Haney Lopez said the assassination attempt on Trump will reinforce the idea already fully embraced by Trump and his campaign that white Americans are “caught in a racial conflict” and that “others” — such as immigrants — “need to be restrained, caged or expelled” to ensure that white Americans come out on top.

Mercieca agreed.

“He constantly tells his audience that they are the real Americans, that they are the good Americans, that they are the only ones who count, that they have been abandoned and humiliated, but that he sees them as the good people that they are and that he will fight for them,” she said. “It’s a fascist policy, frankly. It’s authoritarian.”

These tactics may be politically effective, she said, but they have consequences.
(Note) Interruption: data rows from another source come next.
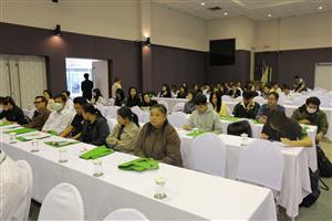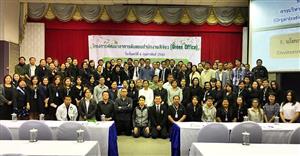จากนั้นเข้าสู่การบรรยายให้ความรู้เกี่ยวกับการพัฒนาอาคารต้นแบบสำนักงานสีเขียว(Green office) โดย รองศาสตราจารย์สยาม อรุณศรีมรกต รองคณบดีฝ่ายมาตรฐานคุณภาพสิ่งแวดล้อมและวิเทศสัมพันธ์ มหาวิทยาลัยมหิดล ณ ห้องประชุมศูนย์การศึกษาและฝึกอบรมนานาชาติ มหาวิทยาลัยแม่โจ้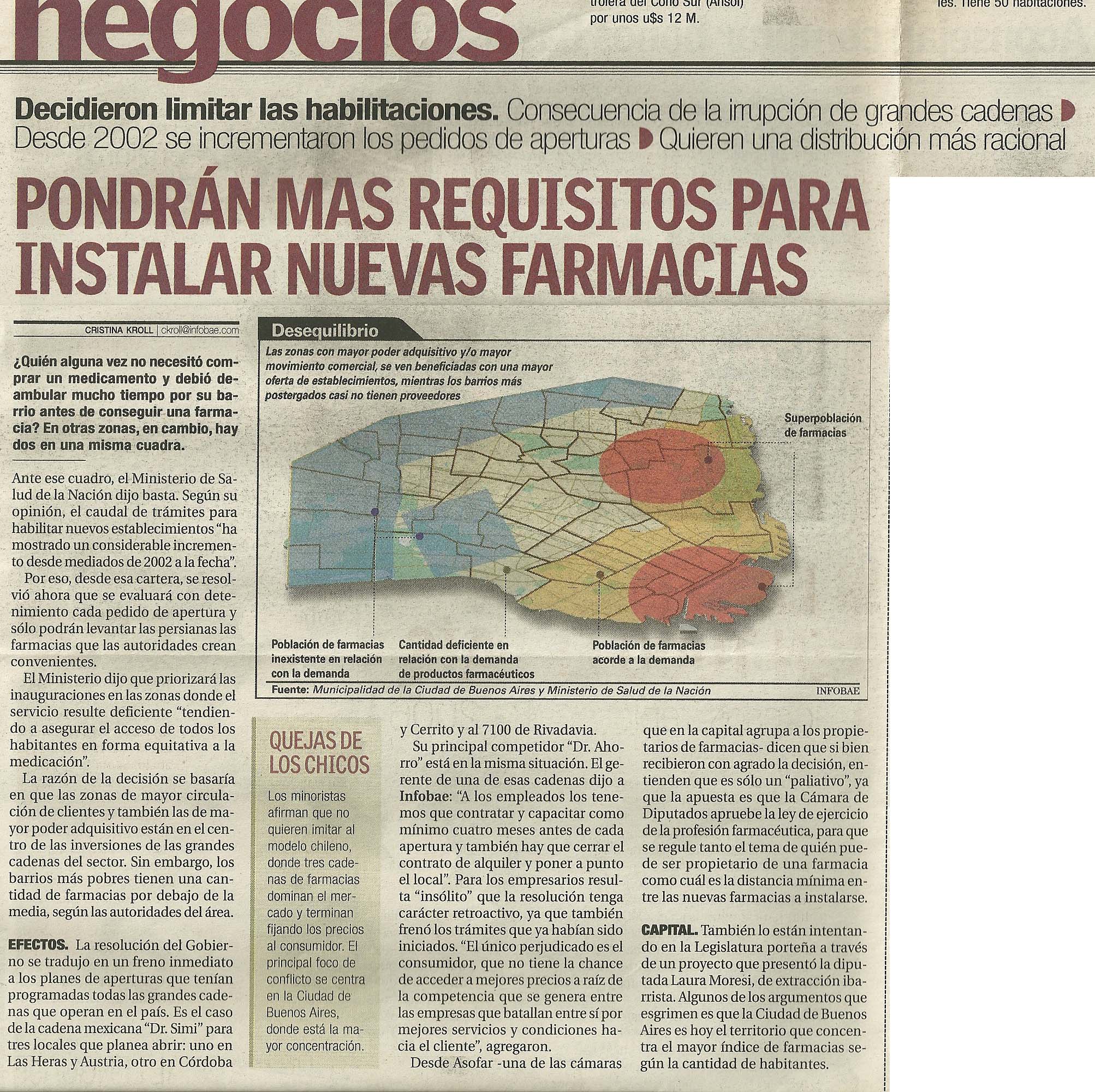 Decidieron limitar las habilitaciones. Consecuencia de la irrupción de grandes cadenas. Desde 2002 se incrementaron los pedidos de aperturas. Quieren una distribución más racional. Pondrán más requisitos para instalar nuevas farmacias. ¿Quién alguna vez no necesitó comprar un medicamento y debió deambular mucho tiempo por su barrio antes de conseguir una farmacia? En otras zonas, en cambio, hay dos en una misma cuadra.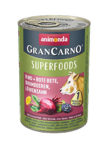 Animonda GranCarno Adult (superfood) konzerv - Felnőtt kutyák részére,marha,cékla,szeder,pitypang (400g)
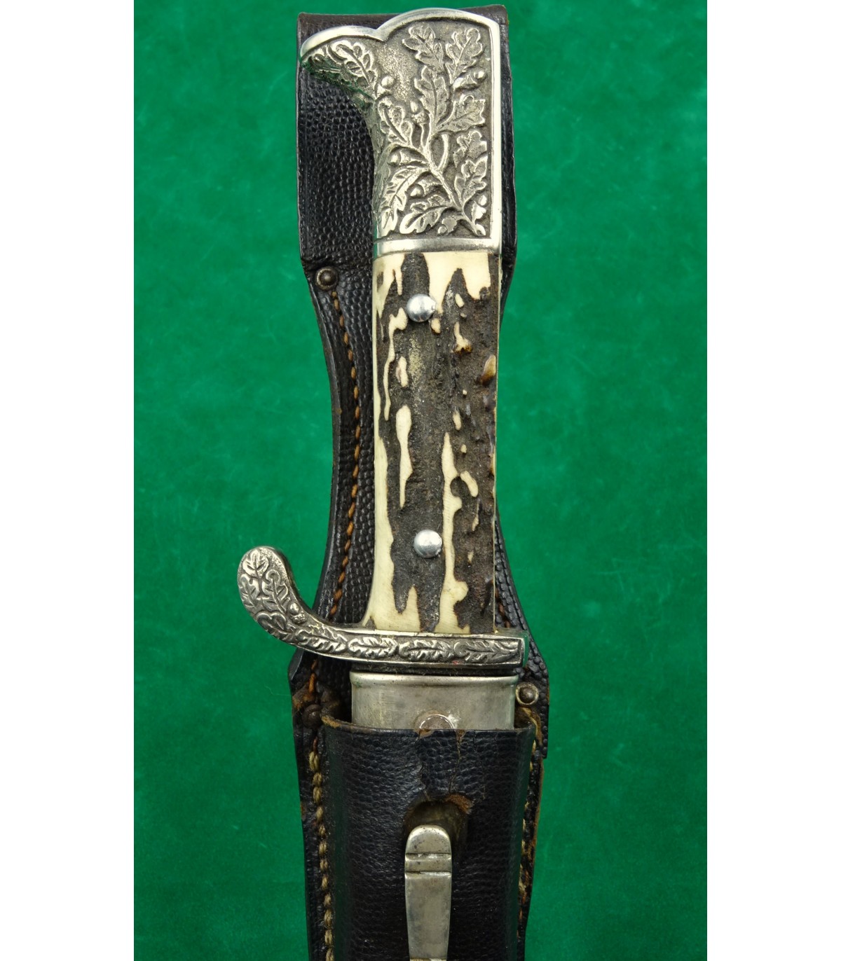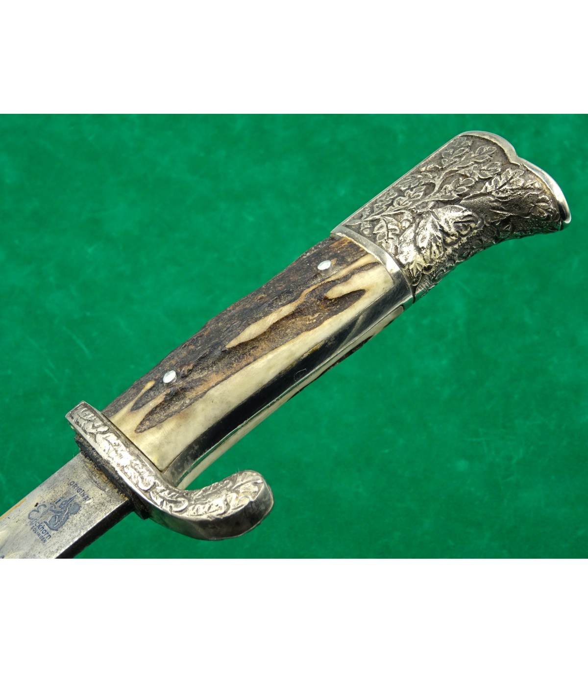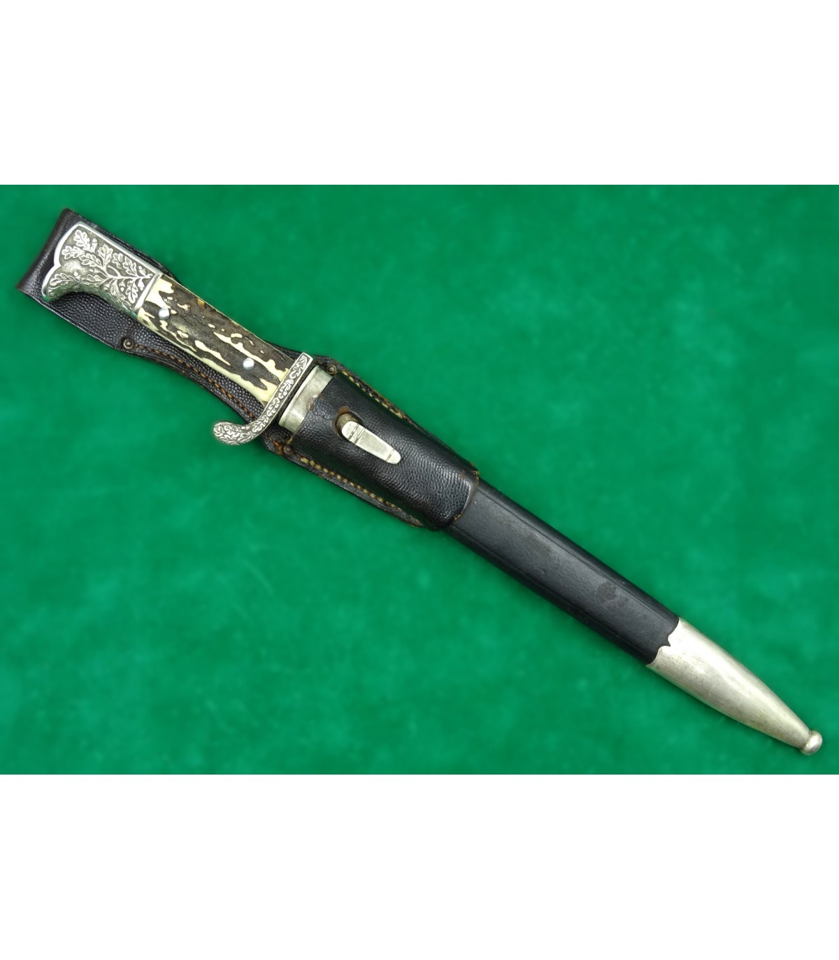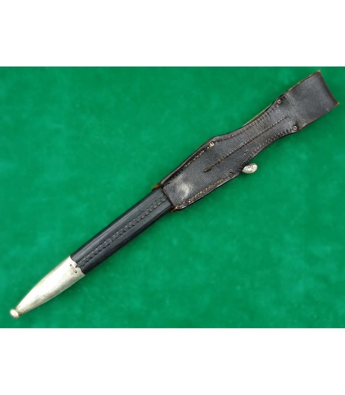Lame gravée sur les 2 faces, fond bleu, lettres or. Recto: 2 aigles et 'Zur Erinnerung an meine Dienstzeit'. Verso: 'Dem besten Schützen unseres Traditionsbataillons - 12.Kompanie - Reichsbund ehemaliger 99er e.V.Düsseldorf'. Poignée maillechort à décors en relief, plaquettes corne. Fourreau cuir et garnitures maillechort. Avec gousset. Rarissime. BE-TBE.

She and others warned that such rhetoric encourages the kind of political violence that popular sectors denounce.

Mercieca said the data shows that Trump’s attacks on groups of people have spurred “stochastic terrorism,” or political violence against groups of people who are the targets of hostile political rhetoric.

Brian Levin, founder of the Center for the Study of Hate and Extremism and professor emeritus at Cal State San Bernardino, said the data is everywhere and undeniable.

Levin said hate crimes against Black people increased when Trump used harsh language to condemn Black Lives Matter protesters in 2020. They increased against Asians when Trump used anti-Chinese rhetoric when talking about COVID-19. They increased against Latinos when Trump stoked fears about “caravans” of migrants arriving at the southern border.

Levin said “hate rhetoric” is always high during election years, and that everyone — voters, candidates and Trump especially — would do well to “tone it down.”

Levin said Trump's next move — and his speech Thursday — matter, but how he and others continue to discuss the stakes of the race between now and November will matter more.

“People are much more likely to accept bigoted stereotypes when there is a narrative behind them that is repeated over and over again in a way that is entertaining and comforting,” Levin said. “And you can hear that in Trump’s tone of voice.”